Illinois Secretary of State Jesse White had one special license plate designed in the comedian's honor. White will present Mac's widow, Rhonda McCullough, with the special plate that reads "B MAC" at a private ceremony Oct. 2 in White's office at the James R. Thompson Center. McCullough also heads The Bernie Mac Foundation.

"I was talking to some people in my office about how we could honor such a great man, and that's when we came up the license plate idea," recalled White.

McCullough said she was touched to hear about the license plate dedication. The one-of-its -kind plate won't be offered to the public.

"What an honor it is for the State of Illinois to honor my husband in this way," McCullough said. "It is a wonderful feeling to know that people have not forgotten what a wonderful man he was."
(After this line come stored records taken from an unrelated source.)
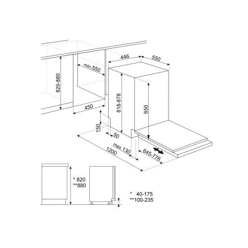 Тип: встраиваемая посудомоечная машинаУстановка: встраиваемая полностью интегрированнаяВместимость: 9 комплектовАквастоп: естьБыстрая мойка: естьДеликатная мойка: нетЗащита от протечек: естьИндикация хода программ: естьИнтенсивная мойка: естьКласс энергопотребления: FКоличество программ: 5Напряжение: 220-240 ВПоловинная загрузка: нетПотребление воды: 9,9 л/циклПредварительное ополаскивание: естьСигнал завершения работы: естьУровень шума: 49 дБШирина: 45 смВысота: 88 смГлубина: 55 смЦвет: черныйОтделка: черный глянцевыйЦвет фронтальной панели: черный
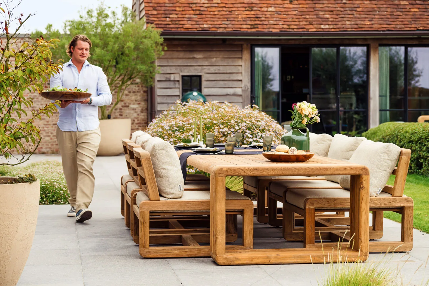 Il s’intègre parfaitement dans un salon de jardin haut de gamme ou un espace détente extérieur.
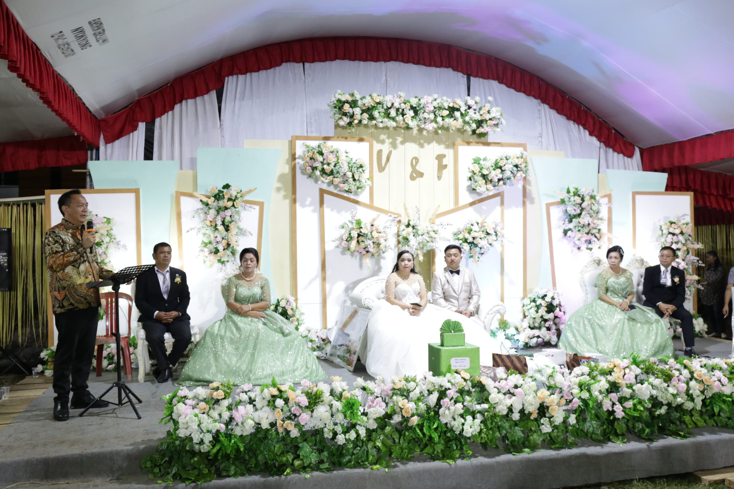 Selaku pemerintah juga kami turut bersukacita, dan buat kedua mempelai, ini adalah hal yang baru sebagai suami istri yang pasti setiap perjalan rumah tangga akan banyak tantangan, tetapi harus selalu andalkan Tuhan setiap melangkah didalam mengarungi bahtera keluarga yang baru. Saling mengalah dan saling mengerti, karena ini adalah pesan dari Tuhan. Banyak selamat kepada keluarga besar kedua belah pihak.
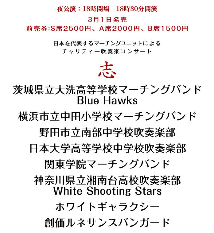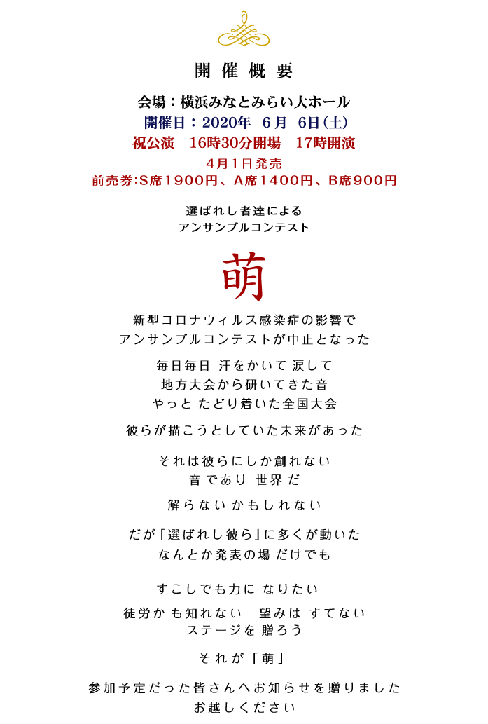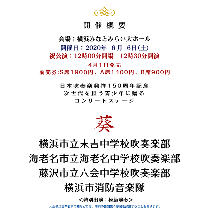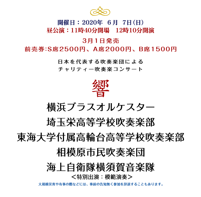 ♪♪♪♪ やっと先が見えてきましたね。 今回のことは、自然界の一員である人間のあり方、、人類に与えられた試練のようなもの、、、不確実性が高く、、素早く変異していく、、、、人知を超えたものにどう向き合うのかが試されているように思いました。 多くの先人が作ってくれた音楽に勇気づけられて解決策を探してきました。 私どもの苦渋の決断に対して、何卒ご理解をいただけますと幸いです。 横浜開港祭 チャリティー吹奏楽コンサート ザブラスクルーズは、毎年多くの皆様に支えられ、日本吹奏楽発祥の地である横浜を舞台に、国家を代表する音楽隊、吹奏楽団等による高いレベルの吹奏楽演奏会を通じて、広く音楽文化の普及・発展に努めて街づくりの一役を担う等を目的として開催し、本年で20年を数えることとなりました。 来年以降、再び皆様のお力添えを得て、近代国家日本の始まりをつくった横浜とペリー提督によってもたらされ、日本の洋楽の始まりとなった吹奏楽に感謝し、皆様を元気にするために是非とも開催したいと考えております。 引き続きご支援、ご協力をいただければ幸いです。 近々、お会いできることと思います。 お楽しみに。。 ♪♪♪♪
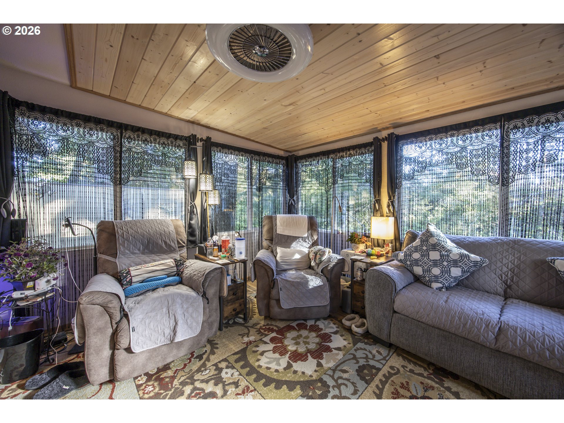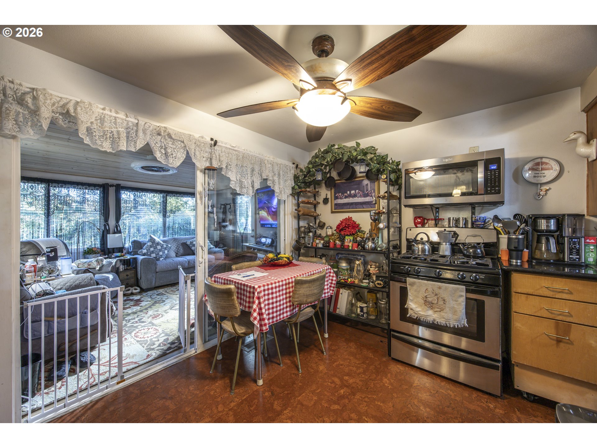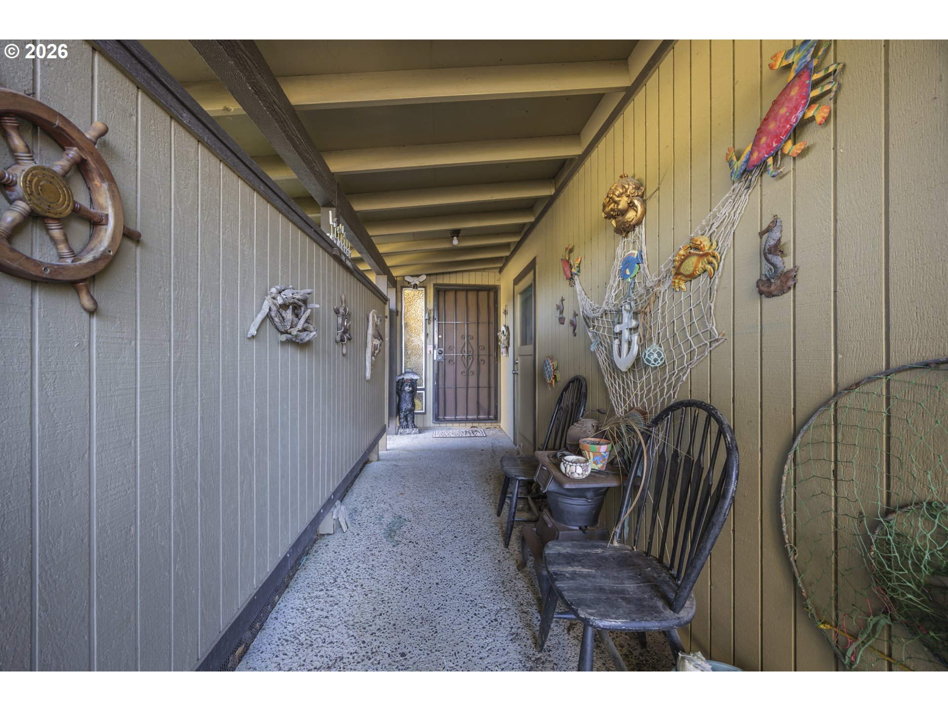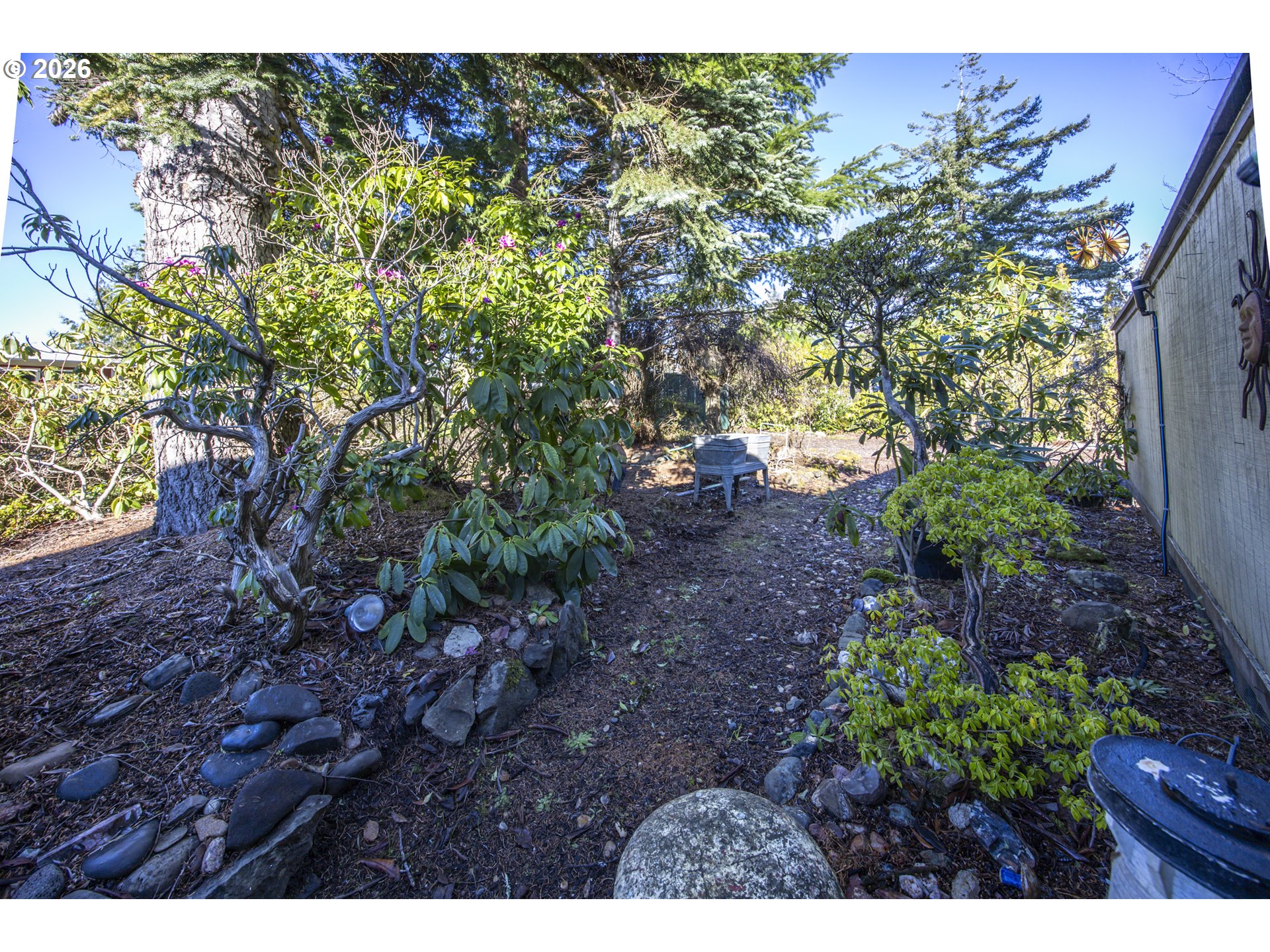 This home offers a large, enclosed private front patio just off the entry. The kitchen is appointed with wood cabinetry, granite countertops, a gas range, and a double dishwasher. Cork flooring runs throughout most of the home. The primary bedroom includes a walk-in closet, and the updated bathroom features a tiled shower. The living room is warmed by a pellet stove insert and accented with wood beam ceilings. Behind the front fenced gate, there is RV parking leading to a storage shed. The backyard is a nature lover’s retreat, overlooking Munsel Creek and featuring a charming finished studio shed with power. A bonus sunroom adds additional living space. Newer washer and dryer and all kitchen appliances are included. The covered back deck includes a steam sauna, creating a peaceful and relaxing outdoor setting.

White recalled his last conversation with Mac, whose real name was Bernard McCullough, during a 2007 hunting trip in Michigan.

"A lot of people might not know that Bernie Mac was a hunter like me. I was at a hunting range and saw him there," said White. "I remember us talking about how I came to form the Jesse White Tumblers and how he broke into show biz. And despite his international fame, Bernie Mac stayed true to his roots and never forgot where he came from."

But according to McCullough, while Bernie Mac loved putting on hunting gear and going on hunting trips, "He could not bring himself to shoot animals," she said.

McCullough said Bernie Mac would "sleep until 3 o'clock if he could" and enjoyed eating pinto beans, fried chicken and cornbread. "He loved life. That is what I want people to know about my husband," she added.

Mac will also be recognized at a special town hall meeting at the University of Illinois at Chicago on the Near West Side, where experts will meet to discuss research on sarcoidosis, the disease Mac died of in 2008.

Dr. Nadera Sweiss, associate professor of rheumatology at UIC Health, and Dr. Patricia Finn, head of the Medicine Department at the UIC College of Medicine, will participate in the meeting at 10 a.m. Thursday at the UIC College of Nursing, 845 S. Damen Ave.

After the forum, at 1 p.m., there will be a tour of the Bernie Mac STAR Center, which opened last year at the UIC College of Medicine Research Building, 909 S. Wolcott Ave., suite 3060.